Supervision unique, négociations au forceps à l'Écofin

Bruxelles, 12/12/2012 (Agence Europe) - Les ministres européens des Finances tentaient de marquer un accord, à l'unanimité, sur le paquet législatif introduisant un mécanisme unique de supervision bancaire sous l'égide de la BCE pour toutes les banques de l'Eurozone, mercredi 12 décembre à l'issue d'un 1er tour de table de 2 heures. Par ordre d'importance, les points d'achoppement étaient les mêmes que lors du Conseil Écofin précédent: l'égalité de traitement entre pays dans et hors zone euro, la gouvernance du mécanisme de supervision (comité de pilotage), les critères permettant une supervision bancaire différenciée, l'entrée en vigueur du mécanisme et la révision des modalités de vote au sein de l'Autorité bancaire européenne (EBA).

Les ministres étaient parfaitement conscients des enjeux. « Il s'agit de couper le lien entre les problèmes bancaires et la crise de la dette publique » et de restaurer la confiance dans la solidité du secteur bancaire, a rappelé le ministre irlandais M. Noonan. L'introduction, au plus tard en avril 2014, d'un mécanisme unique de supervision ouvrira la voie à la recapitalisation conditionnelle directe de banques en difficulté par le Mécanisme européen de stabilité (MES), même si le ministre allemand des Finances Wolfgang Schäuble a mis en garde contre les « faux espoirs » suscités dans ce domaine.

Traitement des pays hors zone euro. Plusieurs ministres de pays n'appartenant pas à la zone euro mais susceptibles de se joindre au mécanisme unique de supervision sont revenus à la charge sur la question de l'égalité de traitement. Pour le Suédois Anders Borg, cette égalité est impossible sans modifier le traité. Dans ces conditions, il a rejeté la participation de son pays au mécanisme. En cas de défaillance bancaire, « les règles de vote comptent car il faut partager le fardeau financier », a souligné M. Borg. La Pologne, qui a fait une proposition spécifique soutenue par plusieurs pays « out », a soutenu la Suède. Plus conciliante, la ministre danoise de l'Économie Mme Vestager a espéré possible de trouver des solutions pratiques pour compenser le fait que, à traité constant, l'égalité totale de traitement entre pays dans et hors zone euro n'est pas assurée.

La dernière proposition de compromis de la Présidence chypriote ne modifie pas la procédure décisionnelle interne à la BCE lorsque celle-ci prendra des décisions relatives à la supervision bancaire (EUROPE n°10748). Un pays hors zone euro mais participant au mécanisme disposera d'un droit de retrait si le Conseil des gouverneurs de la BCE émet une objection sur un projet de décision du comité de supervision, auxquels participeront tous les pays participant au mécanisme.

Solidaire de la position suédoise sur la question de l'égalité de traitement, M. Schäuble a insisté sur la mise en place d'une « muraille de Chine » afin de séparer la politique monétaire, pour laquelle la BCE est indépendante, de la supervision bancaire pour laquelle l'Institut de Francfort devra rendre des comptes.

Les petits États membres ont fait part de leur mécontentement concernant la composition du comité de pilotage et la procédure décisionnelle (majorité qualifiée) au sein de ce comité qui préparera les travaux du comité de supervision. M. Schäuble a évoqué la possibilité de reporter au printemps 2013 une décision sur ce point.

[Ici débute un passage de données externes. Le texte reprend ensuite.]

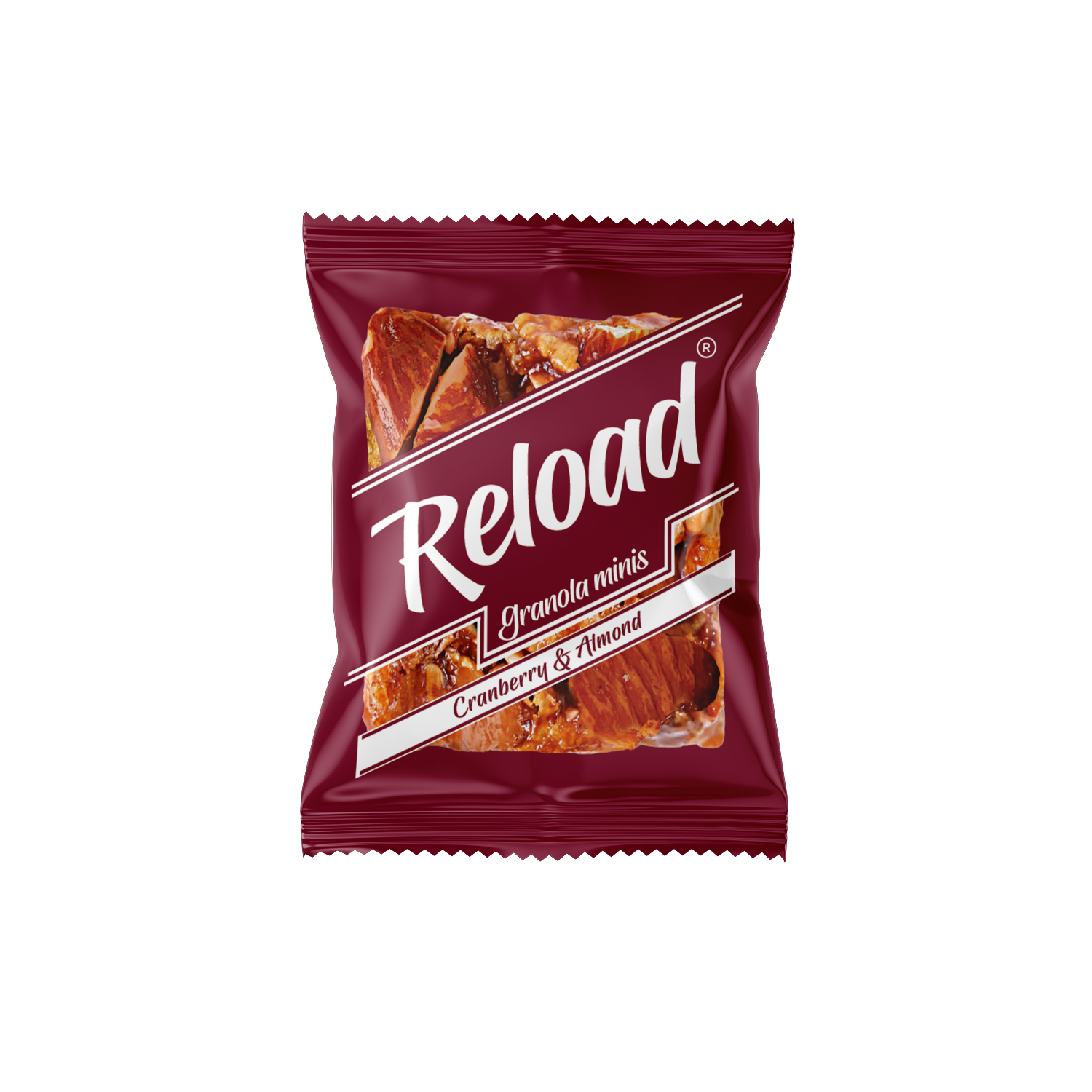 Reload Granola Mini is a healthy snack containing Fiber from Oats and Protein from roasted Nuts, giving you a perfect snack to stay in shape and enjoy a healthy lifestyle.

Différenciation. La supervision bancaire sera différenciée. Si elle demeurera responsable in fine de l'ensemble du mécanisme de supervision, la BCE supervisera directement les banques d'importance systémique, en plus de celles faisant l'objet d'une aide financière des fonds de sauvetage. Les superviseurs nationaux exerceront une surveillance au quotidien sur les établissements considérés comme non significatifs, comme le réclame l'Allemagne depuis le début du processus législatif.

Selon la dernière proposition de compromis de la Présidence chypriote sur la table, une banque sera non significative si l'une des trois conditions suivantes est réunie: - ses actifs totaux sont inférieurs à 30 milliards d'euros ; - son ratio actifs totaux / PIB national est inférieur à 20% ; - elle a établi des succursales ou des filiales dans au moins 3 pays participant au mécanisme unique de supervision. Indépendamment de ces critères, la BCE devrait superviser directement au moins 2 banques dans chaque pays participant.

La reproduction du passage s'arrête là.